Wave 1: Customer-centric retail
Increasingly, fashion retailers focus on customer centricity, but it wasn’t always this way. There has been a power shift: Where previously brands had been in control and dictated all parts of the supply chain, fashion consumers now demand higher levels of service (i.e. immediacy, value, quality, sustainability, etc.).
Customer centricity requires a change of perspective across the entire organization, redirecting focus from product and brand to the customer. Fashion brands must ensure customers have access to them through a strong omnichannel presence. Realtime stock availability, 360 view of the consumer, and heeding the voice of the customer in service development are fundamental to navigating this first wave successfully.
Wave 2: Merging digital operation across all touchpoints and business models
Once the brand has achieved customer centricity, another challenge arises. Typically, it starts by merging store operations with e-commerce operations. As we have seen in the market over the past few years, however, this requires e-commerce to be seen in the organization as profitable, representing at least 10% of the overall revenue.
This wave represents a phase of big shifts within the organization. When e-commerce, marketing, and IT teams are not working together, this wave becomes painful and, many times, unsuccessful, with stores closing due to their irrelevance to digital customers. And, in some extreme cases, it ends in the business falling into administration.
In this second wave, when fashion brands also have a wholesale operation, buyers and marketers come together, digitalizing the showroom and offering B2B customers a website that enables pre-season shopping, as well as changes to orders already placed, all within specific timeframes.
Digitalizing the B2B operation gives fashion brands the opportunity to become more efficient in producing various collections. If properly connected with the direct-to-consumer operation, this enables the wholesale operation to predict fashion trends further in advance.
Key elements of successfully navigating this second wave include considerations such as omnichannel customer journeys and a digital board for strategic decision making.

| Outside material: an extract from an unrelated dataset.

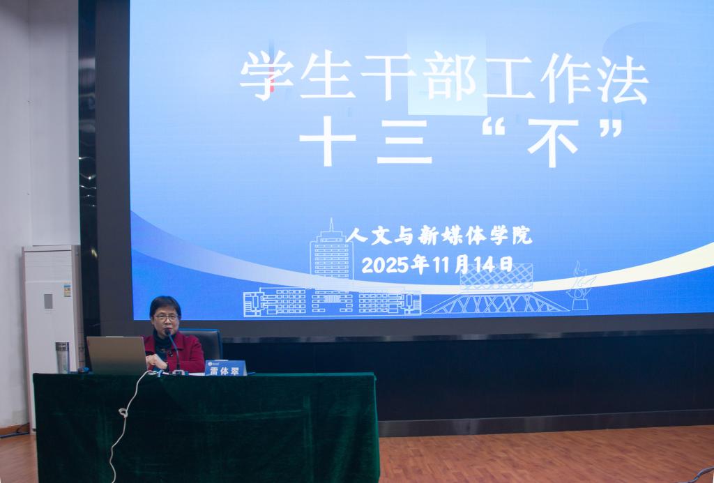 本次讲座特邀威客电竞副研究员雷体翠老师担任主讲。雷老师围绕学生干部的角色定位与核心能力,结合39个典型案例,以《学生干部工作法十三“不”》为题,从“服务优先,不计较得失”“管理自己,不随波逐流”等展开讲解,内容翔实,贴近实际。

Wave 3: The multidimensional consumer
The third wave of digital transformation regains focus on the consumer. During the second wave many fashion brands experience an identity crisis. They become so data-obsessed and data-centric that the human factor of fashion—the very primordial reason that the fashion industry is inspirational—is somehow lost in translation.
Fashion brands going through this phase begin questioning why they have so much data that doesn’t seem to have any logic. As useful and coveted as data is, answering who, what, where, and how, in abundant and minute detail, still cannot answer the last remaining question: Why? Why, despite all of this data available, do consumers still behave in ways they can’t predict? Why is the market share smaller than it was before the transformation initiatives started?
As consumers mature, they tend to recognize very well what appeals to them and what is merely another sales technique to keep them spending more. Customers expect premium retail execution and a high level of personalization to the segment of one, but at the same time, want their privacy respected, consequently refusing to give consent to use their data if all they get in return are creepy, hard-sell messages.
Consumers expect fashion brands to become intelligent enterprises and offer a premium level of service that considers life cycle and context. Brands need a 4th CRM generation that doesn’t merely track, but also engages consumers in a more personal and human way. Those brands who achieve this will win the market.
Now more than ever, fashion brands must strive to design a unique innovation proposition (UIP) that appeals to customers and consumers. Engaging with the new fashion consumer, companies have an opportunity to shift the conversation and make deeper connections, focusing on the experiences and feelings that fashion products can evoke.
Adapting to the multidimensional consumer is evolving, and fashion brands resisting the third wave of change will find themselves on the edge of extinction, despite their confidence that current brand loyalty will keep them afloat.